Wednesday, 21 June 2017

mathematics - How to overcome a mistake you make in your proof and regain motivation?



I am an undergraduate student in computer science, and I have been working as an undergraduate researcher in theoretical computer science for 7 months. There was this problem that my supervisor mentioned, and I worked on it for a while. But I only managed to solve a sub-case of the problem, which didn't interest my supervisor at that time. However, he wanted me to write a manuscript about it anyway. I put a lot of effort into writing it, but he didn't bother to read it. And we have moved on to other things.


A week ago, my supervisor called me, and he said that he found an interpretation of the sub-case of I've solved, that economists are interested in. And he said that we can publish it in a journal. So, I was really hyped. We met the next day, to review my proof. But when I arrived, I learned that a friend of my supervisor found an implicit assumption at the beginning of my proof which was clearly wrong.


As you can imagine, I was devastated. I've tried to find a workaround, and fix my solution, but I've just found another thing that I've overlooked. So I've lost my enthusiasm and self-confidence.


However, my supervisor claims he found a completely different idea to solve the problem. He explained it to me, however it has some parts to be completed. So he wants me to write a manuscript about it and fill the gaps. However, I cannot find any motivation to do so.

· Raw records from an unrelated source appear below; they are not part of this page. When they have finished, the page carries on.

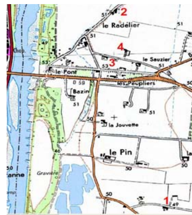
Plan de situation des 4 repères de crues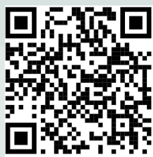
Video colocación Neria Guard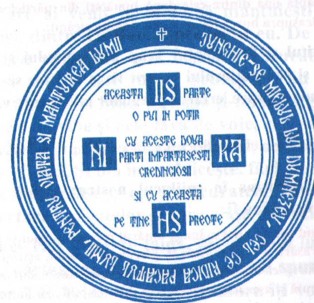
Așezarea Sfântului Agneț pe Sfântul Disc, după frângere

După aceasta, diaconul, lăsând vasul de căldură, stă puțin mai deoparte, iar preotul rupe (sau taie cu copia) păticea HS în două, pe Sfântul Disc.

I am overwhelmed by the feelings of failure and anger.


I know that I should be working on my supervisor's idea, but I'm so distracted with the mistake I've made. How can I overcome my mistake, and start to work again?


UPDATE: A month later, we solved the problem :)



Answer



As an early-career mathematician, I have had this experience, more or less exactly, several times. I think I've solved a problem (or made good progress toward doing so) and I become proud and emotionally invested, only to show it to a mentor (first my PhD advisor, then my postdoc supervisor) who quickly points out a fatal flaw in my reasoning. Sometimes, he will propose a different and much better method. I completely get how demotivating this can be. After all, I would think, why am I even working on this project if my mentor could do it himself more quickly?


But you have to overcome these feelings. Here are some points of view that helped me do so:





  • Trying things and failing is how we learn. There's a mathematical lesson here about why my techniques failed and my mentor's succeeded. There's also a lesson about how to do research: how to do sanity checks, how to avoid "premature optimization," etc.




  • My mentor is a professional researcher with decades of experience. Of course he can solve things more quickly than me. Even if it feels like my role is to work out the details of his ideas, I'm learning a lot by doing that. And these "brilliant ideas" are usually adapted from previously existing techniques anyway--it's more an experience gap than an intelligence gap.




  • Experiences like this keep me humble, which comes in very handy when teaching people who understand less than I do.





I would encourage you to try to power through these feelings of inadequacy. Part of being a mature researcher is not being afraid of being wrong.


Having said all that, a good way to avoid situations like this is to keep the person you're working under more in the loop while you're doing the work, so that they can steer you away from dead ends. In your case, it wasn't necessarily your fault that your supervisor didn't devote much time to your project, but in the future you should try to get high-level feedback earlier in the process.